Court Of Appeals Upholds 50-50 Asset Division In Divorce Of Short Term Marriage
A recent ruling by the South Carolina Court Of Appeals upheld a trial court ruling that a 50-50 division of assets was appropriate in a “short term” marriage.
On April 8, 2015 the South Carolina Court of Appeals ruled that a 50-50 asset division in divorce cases can extend to “short term” marriages. Brown v Brown, Appellate Case No. 2013-001259. In a lengthy factual summary the court found that
Wife acknowledges—and we agree—that the parties’ eight-year marriage was not a long-term marriage. Despite this fact, we believe the family court acted within its well-fettered discretion in awarding Wife 49.60% of the marital estate. We find the circumstances of the parties’ marriage merit such an award as reflected by the family court’s thorough consideration of all the relevant factors from section 20-3- 620.

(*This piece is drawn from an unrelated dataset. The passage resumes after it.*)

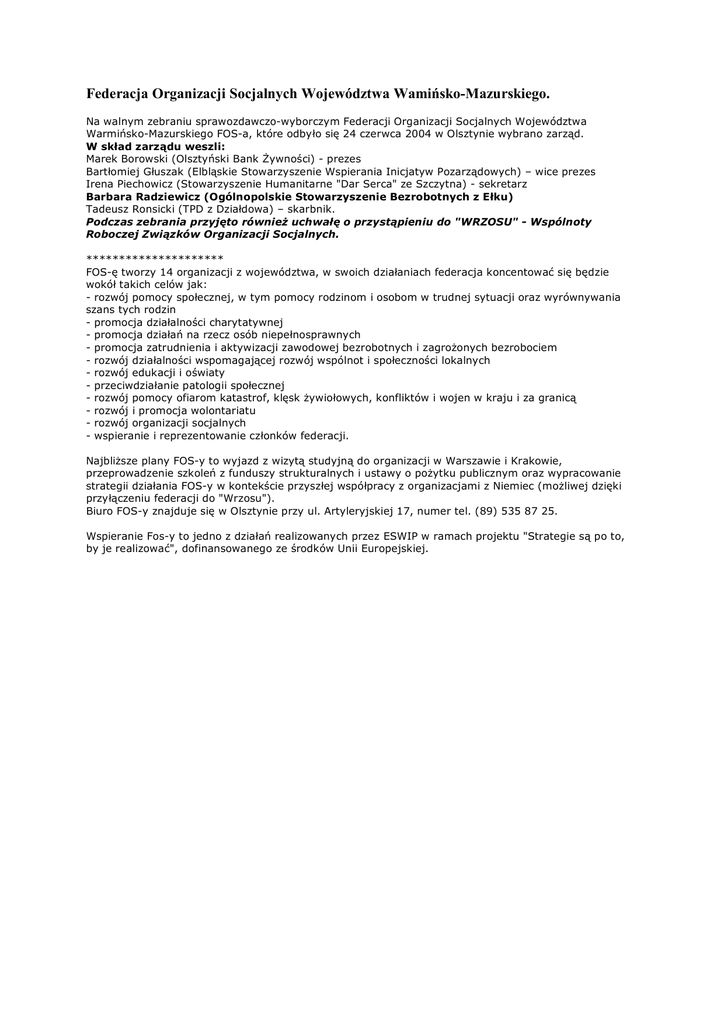 Federacja Organizacji Socjalnych Województwa Wamińsko-Mazurskiego. Na walnym zebraniu sprawozdawczo-wyborczym Federacji Organizacji Socjalnych Województwa Warmińsko-Mazurskiego FOS-a, które odbyło się 24 czerwca 2004 w Olsztynie wybrano zarząd. W skład zarządu weszli: Marek Borowski (Olsztyński Bank Żywności) - prezes Bartłomiej Głuszak (Elbląskie Stowarzyszenie Wspierania Inicjatyw Pozarządowych) – wice prezes Irena Piechowicz (Stowarzyszenie Humanitarne "Dar Serca" ze Szczytna) - sekretarz Barbara Radziewicz (Ogólnopolskie Stowarzyszenie Bezrobotnych z Ełku) Tadeusz Ronsicki (TPD z Działdowa) – skarbnik. Podczas zebrania przyjęto również uchwałę o przystąpieniu do "WRZOSU" - Wspólnoty Roboczej Związków Organizacji Socjalnych. ********************* FOS-ę tworzy 14 organizacji z województwa, w swoich działaniach federacja koncentować się będzie wokół takich celów jak: - rozwój pomocy społecznej, w tym pomocy rodzinom i osobom w trudnej sytuacji oraz wyrównywania szans tych rodzin - promocja działalności charytatywnej - promocja działań na rzecz osób niepełnosprawnych - promocja zatrudnienia i aktywizacji zawodowej bezrobotnych i zagrożonych bezrobociem - rozwój działalności wspomagającej rozwój wspólnot i społeczności lokalnych - rozwój edukacji i oświaty - przeciwdziałanie patologii społecznej - rozwój pomocy ofiarom katastrof, klęsk żywiołowych, konfliktów i wojen w kraju i za granicą - rozwój i promocja wolontariatu - rozwój organizacji socjalnych - wspieranie i reprezentowanie członków federacji. Najbliższe plany FOS-y to wyjazd z wizytą studyjną do organizacji w Warszawie i Krakowie, przeprowadzenie szkoleń z funduszy strukturalnych i ustawy o pożytku publicznym oraz wypracowanie strategii działania FOS-y w kontekście przyszłej współpracy z organizacjami z Niemiec (możliwej dzięki przyłączeniu federacji do "Wrzosu"). Biuro FOS-y znajduje się w Olsztynie przy ul. Artyleryjskiej 17, numer tel. (89) 535 87 25. Wspieranie Fos-y to jedno z działań realizowanych przez ESWIP w ramach projektu "Strategie są po to, by je realizować", dofinansowanego ze środków Unii Europejskiej.

In arriving at this decision, the court relied upon the trial court’s detailed analysis of all of the statutory factors that must be considered in order to reach an equitable division of the assets acquired during the marriage. The key to understanding asset division in divorce in South Carolina is the word “equitable”.
Equitable means “dealing fairly and equally with all concerned”. I actually like most of factors in 20-3-620 as they require a court to look at the entire nature of the marriage, and not focus on one or two factors. For example, in the Brown matter, the fact that the marriage was “short term” and that husband made all of the money that contributed to the acquisition of the marital estate were only 2 of the 15 factors, all of which needed to be considered and balanced together.
While in Brown it was not disputed that husband had contributed all of the cash to the marital estate, the court did a good job of balancing this against wife’s “indirect” contributions: “we do not find the greater financial contributions outcome determinative, particularly when Wife’s indirect contributions to the marriage far outweighed those of Husband”.
Often times, as is our predilection as Americans, we overemphasize the value of material things. One of the criteria a court is specifically required to consider in making an equitable division of marital assets is the “homemaker contribution” found in 20-3-620(3): “…the contribution of the spouse as homemaker; provided, that the court shall consider the quality of the contribution as well as its factual existence”.
The homemaker contribution is not as easy to prove as material contributions, for obvious reasons, but it needs to be done in order to give a spouse who is not making the cash an even chance before a judge. For example, think of all the things a homemaker does every day that can not be easily quantified on a bank statement or in a real estate appraisal: Waking the kids up in the morning, making breakfast for the family, coordinating car-pools to and from school, monitoring homework, laundry, scheduling family activities, cleaning, maintaining family finances, etc.
A paper written several years ago attempts to measure the economic value of household production (the homemaker contribution), or work done in the home that includes childcare, cooking, shopping, housework, odd jobs, gardening, and schlepping around. It is estimated that these activities increase in household income by as much as 30%!
The attorney representing Ms. Brown clearly did an excellent job of presenting credible evidence to the trial court of his client’s non material contribution to the marital estate. Not only did this financially benefit Ms. Brown, it was also “equitable” as it dealt fairly with all concerned by considering all contributions made by both parties, whether tangible or intangible.